Pictures are worth far more than most people think. They can describe moments in considerable detail. They can describe someone’s interests. They can even give away sensitive information that hackers can leverage against you.

The problem isn’t just what you photograph. Digital pictures can contain text information that describes your camera, the date and time a picture was taken, and where it was taken. It may even provide the savviest of hackers with information they can use to hack your phone if it doubled as your camera to take a picture.

The good news is that there are plenty of things you can do to make it harder for hackers to track you by your photographs. Let’s examine some of those tips to enhance your privacy while you’re online.

Make Them Harder to Access

The first step in limiting how much information hackers can derive from your photos is to limit who can access them.

When you post your photographs on sites like Facebook and Twitter, make sure that you have the right privacy settings enabled. Make it so only certain people can see pictures that might contain sensitive information.

If you post your photographs to online picture sharing websites first, then create a private album to share them. Make your pictures unlisted. Do whatever you can to restrict everyone else’s ability to find your photos.

Remove Your Pictures

Another way to limit access to your photographs is to remove them from the public eye. While this won’t stop people who have already saved your photos from obtaining information from them, it can limit the damage that can be done.

Remove your photos when you’re done sharing them or change them to private. The less lasting information you leave available, then the less ammunition malicious people have to use against you.

Remove Metadata

Most devices add varying amounts of data to photographs. This can be something as simple as the file name showing incremental pictures or something as detailed as EXIF data.

The latter of those things, EXIF data, can be used by hackers to track your location and the type of device you used to take your picture. This can create a large amount of information that can give hackers far too much information.

The best way to strip this metadata is to simply disable it on your devices. You can disable things like your location on most phones. Some cameras allow you to completely remove EXIF data just by toggling one option.

If you have pictures that already have metadata attached to it, it’s generally easy to remove it. There are plenty of free and open-source programs that exist for the sole purpose of completely stripping metadata from your pictures.

Don’t Post Sensitive Things

It may seem obvious, but posting sensitive things is the easiest way to allow people to see them. By preventing yourself from posting photos with locations, identifiable people and other important traces of information, you disallow hackers from reading into your life.

Stopping yourself from posting photographs may be one of the most effective ways to keep your photos and sensitive information safe.

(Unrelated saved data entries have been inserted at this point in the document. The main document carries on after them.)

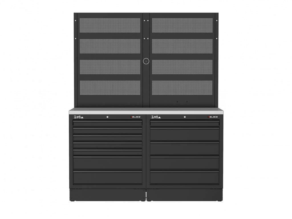 Pracovní stůl délky 1600 mm s dvěma skříňkami – 7 a 5 zásuvek se zámkem. Robustní a praktický stůl s masivní dřevěnou pracovní deskou, dvojitým perforovaným panelem na nářadí a připraveností pro připojení elektrické zásuvky. K dispozici také v provedení s nerezovou nebo melaminovou deskou.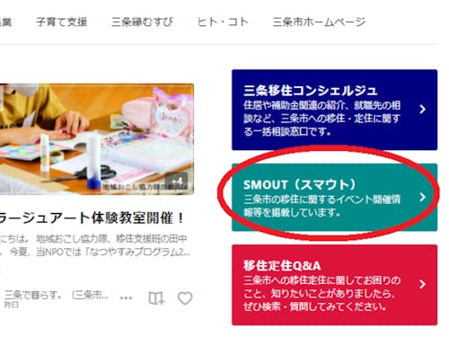 SMOUTには、合同企業説明会のような、「三条で暮らす。」でも掲載しているイベント情報のほかにも、三条市内で地域づくり活動を行う団体等の人材募集や移住体験などの情報も随時掲載していますので、時々覗いてみてください!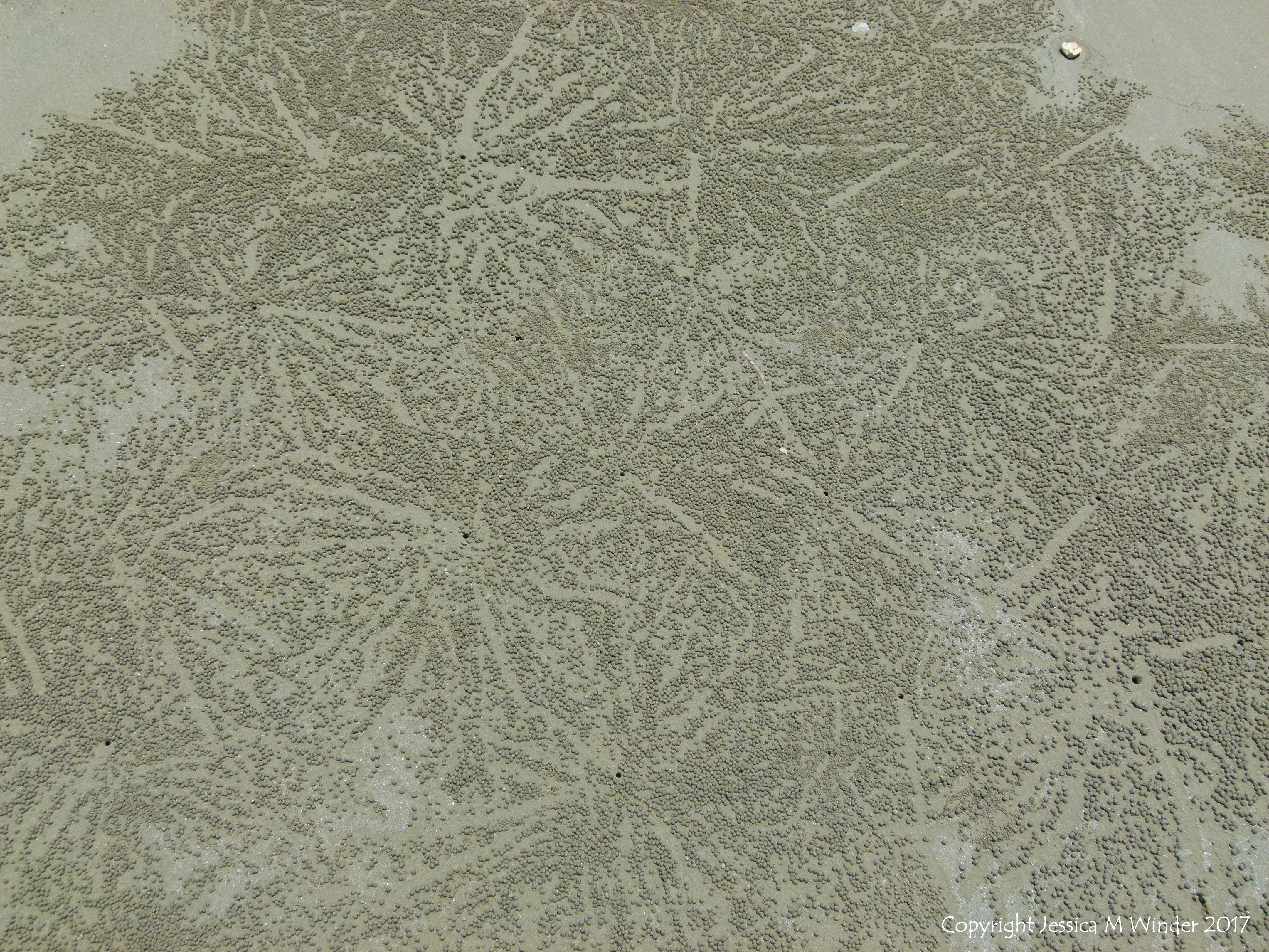 Sand Bubbler Crabs at Cape Tribulation 1 – Small ball-shaped sand pellets produced by the feeding activities of the Sand Bubbler Crab (Scopimera sp.) on the beach at Cape Tribulation in Queensland, Australia. Radiating lines of sandy balls surround each crab burrow.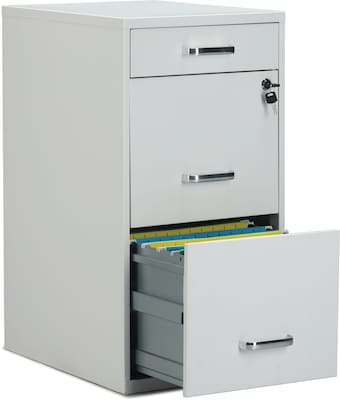 Get a space-efficient solution to recordkeeping and document storage with this three-drawer light duty vertical file cabinet. Ideal for organizing offices, the top drawer provides space for storing supplies, and the bottom two drawers accommodate a large number of letter-size files. The compact design lets this cabinet fit in small spaces, while the white finish and polished handles enhance office decor. This utility file cabinet keeps stored items secure with a built-in lock.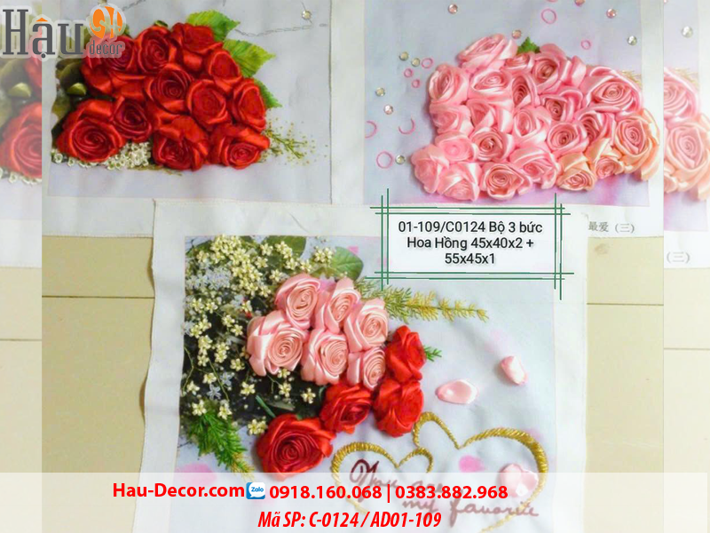 Kit tranh thêu ruy băng Bộ 3 bức Hoa Hồng C-0124 / AD01-109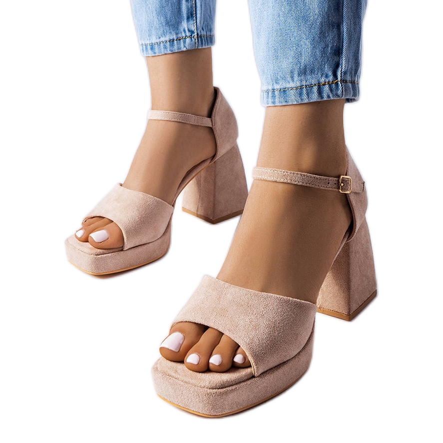 Inna marka Beige sandals with a fashionable heel from Vinceza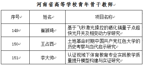 在师资培养方面,根据《关于公布2025年度河南省高等学校青年骨干教师培养计划培养对象遴选结果的公示》,我校三位教师成功入选该培养计划。三位教师的研究为我校相关学科发展与教学改革注入新动能。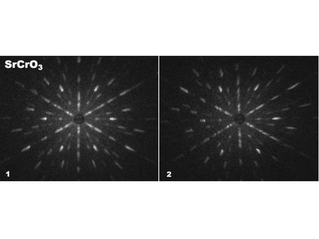 OrientExpress is a valuable tool for the rapid alignement of crystals relative one to the others. Here, the sample for an inelastic experiment on IN5 was made of two crystals of SrCrO3. The patterns below allowed for an accuracy of the relative aligment less than 0.5 degree.

Photo Security Requires Staying One Step Ahead of Hackers

Hackers prey upon people whom have poor security with regards to their digital assets. They rely on poor security, extra details and sensitive details being posted by unaware individuals.

By employing better security practices, becoming more aware about technology and simply thinking before you post that next picture, you can protect yourself from hackers and any other malicious individuals looking to use your photos against you.